Alex’s Notes: When designing resistance training programs, it is important to understand how the different variables affect perceived fatigue. To this end, total tonnage (sets x repetitions x load), intensity (% 1RM), number of repetitions in each set, and the recovery time between sets were manipulated in ten male team-sport athletes with at least 12 months of resistance training experience. Over the course of six uninterrupted weeks, the participants completed six workouts (1 per week @ the same general time of day) with one of the following protocols:

  1. 3 sets x 8 reps x 3 min recovery @ 70% 1RM
  2. 3 sets x 14 reps x 3 min recovery @ 40% 1RM (matched tonnage with A)
  3. 3 sets x maximum number of repetitions (MNR) x 1 min recovery @ 70% 1RM
  4. 3 sets x MNR x 3 min recovery @ 70% 1RM
  5. 3 sets x MNR x 1 min recovery @ 40% 1RM
  6. 3 sets x MNR x 3 min recovery @ 40% 1RM

The MNR means that the subject performs the set to voluntary failure. All the workout sessions included the same five exercises: bench press, leg press, lat pulldown, leg curl, and triceps pushdown. The time under load was kept constant and involved a 2-second concentric phase, 1-second pause, 2-second eccentric phase, and 1-second pause. The participants rated their perceived exertion (RPE) on the Borg CR-10 scale 15 and 30 minutes after each workout.

Which do you think would be most difficult?

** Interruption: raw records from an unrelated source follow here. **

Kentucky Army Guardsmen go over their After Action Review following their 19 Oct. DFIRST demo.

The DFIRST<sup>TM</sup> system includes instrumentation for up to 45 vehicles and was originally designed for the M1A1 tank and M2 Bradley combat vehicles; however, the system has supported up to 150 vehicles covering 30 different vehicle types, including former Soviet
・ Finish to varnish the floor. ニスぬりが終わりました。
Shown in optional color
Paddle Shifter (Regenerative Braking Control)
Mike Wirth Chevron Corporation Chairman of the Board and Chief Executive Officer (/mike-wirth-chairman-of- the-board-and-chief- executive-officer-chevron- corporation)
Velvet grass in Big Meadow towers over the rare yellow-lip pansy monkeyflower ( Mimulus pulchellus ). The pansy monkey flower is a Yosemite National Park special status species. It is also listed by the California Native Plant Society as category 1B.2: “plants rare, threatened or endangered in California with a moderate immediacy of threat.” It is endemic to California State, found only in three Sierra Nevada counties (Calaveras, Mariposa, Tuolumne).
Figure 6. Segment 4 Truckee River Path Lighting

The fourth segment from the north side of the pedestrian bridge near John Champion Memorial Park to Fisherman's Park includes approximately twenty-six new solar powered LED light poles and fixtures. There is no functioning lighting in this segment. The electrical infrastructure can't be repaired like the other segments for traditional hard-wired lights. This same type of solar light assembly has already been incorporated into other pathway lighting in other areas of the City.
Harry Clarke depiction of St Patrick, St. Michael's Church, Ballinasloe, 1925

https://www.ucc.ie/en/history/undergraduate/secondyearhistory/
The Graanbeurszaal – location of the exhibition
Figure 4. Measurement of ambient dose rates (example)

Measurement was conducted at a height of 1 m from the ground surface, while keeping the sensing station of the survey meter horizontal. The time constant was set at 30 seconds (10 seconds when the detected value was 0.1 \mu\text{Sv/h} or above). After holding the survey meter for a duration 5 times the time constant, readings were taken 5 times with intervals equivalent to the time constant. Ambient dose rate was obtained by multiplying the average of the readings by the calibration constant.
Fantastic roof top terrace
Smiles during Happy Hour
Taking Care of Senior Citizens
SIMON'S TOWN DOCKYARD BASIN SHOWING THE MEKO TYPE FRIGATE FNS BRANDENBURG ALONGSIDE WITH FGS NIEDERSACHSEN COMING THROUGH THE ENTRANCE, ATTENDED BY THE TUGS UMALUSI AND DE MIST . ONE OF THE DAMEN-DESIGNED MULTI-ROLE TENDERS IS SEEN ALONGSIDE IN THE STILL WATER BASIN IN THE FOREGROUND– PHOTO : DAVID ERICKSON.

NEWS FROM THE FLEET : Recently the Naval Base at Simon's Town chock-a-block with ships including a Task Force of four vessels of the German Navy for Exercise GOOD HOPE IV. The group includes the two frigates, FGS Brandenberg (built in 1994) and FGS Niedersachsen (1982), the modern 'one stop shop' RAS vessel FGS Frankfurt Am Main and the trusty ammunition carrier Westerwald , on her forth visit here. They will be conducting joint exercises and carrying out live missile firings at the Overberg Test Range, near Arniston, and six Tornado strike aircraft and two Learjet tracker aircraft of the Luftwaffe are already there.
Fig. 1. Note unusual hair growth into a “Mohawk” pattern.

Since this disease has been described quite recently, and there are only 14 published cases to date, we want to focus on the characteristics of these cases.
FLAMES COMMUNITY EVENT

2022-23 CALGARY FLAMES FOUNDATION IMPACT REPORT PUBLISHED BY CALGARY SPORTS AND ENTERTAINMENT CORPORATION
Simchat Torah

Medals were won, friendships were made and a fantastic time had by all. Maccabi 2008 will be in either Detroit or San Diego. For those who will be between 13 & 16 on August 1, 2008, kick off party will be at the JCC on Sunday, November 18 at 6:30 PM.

I would probably bet that the MNR @ 70% 1RM with 1 minute of rest would be the most challenging. And sure enough I would only be partially correct. All the MNR sessions were significantly more difficult than the matched tonnage sessions (A & B), but they were not significantly difference from one another, suggesting that when training to failure, intensity is not the primary mediator of perceived fatigue. Conversely, during the matched tonnage workouts, the 70% 1RM was significantly more fatiguing than the 40% 1RM workout, suggesting that intensity is the primary mediator of fatigue when tonnage and rest time are held constant. There were also no significant differences between the RPE at 15 or 30 minutes post-workout (in fact they were the exact same).

Session C had the shortest session duration at 42 minutes, compared to 50-70 minutes in the other sessions. This also led to session C having the greatest work rate (tonnage/minute), and this variable was the only one found to be related to the RPE during the MNR sessions. On the other hand, intensity, repetitions, time under load, and session duration had significant associations during the matched tonnage sessions.


When training to failure, fatigue is only dependent on the work rate – how much weight you move in a given time. This does not mean that the physiological response and muscular adaptations would be equivalent; it only means that this variable will affect how difficult the session is perceived to be.

When training with more boundaries, such as when using the double-progressive overload method of progression, a greater intensity increases, while a greater number of repetition, time under load, and session duration reduces perceived exertion. But wait, how can more reps and co. make the workout seem easier? Remember that none of these variables exist in a vacuum; if you increase your repetitions and time under load then your intensity will have to be reduced and vice-versa. Also, for clarification, the double-progressive method basically means that if you were doing 3 sets of 8 reps, you would stop at 8 reps on every set even if you could do more, and once you were able to do 3 sets of 8 with a given weight, you would increase the weight and repeat in future sessions.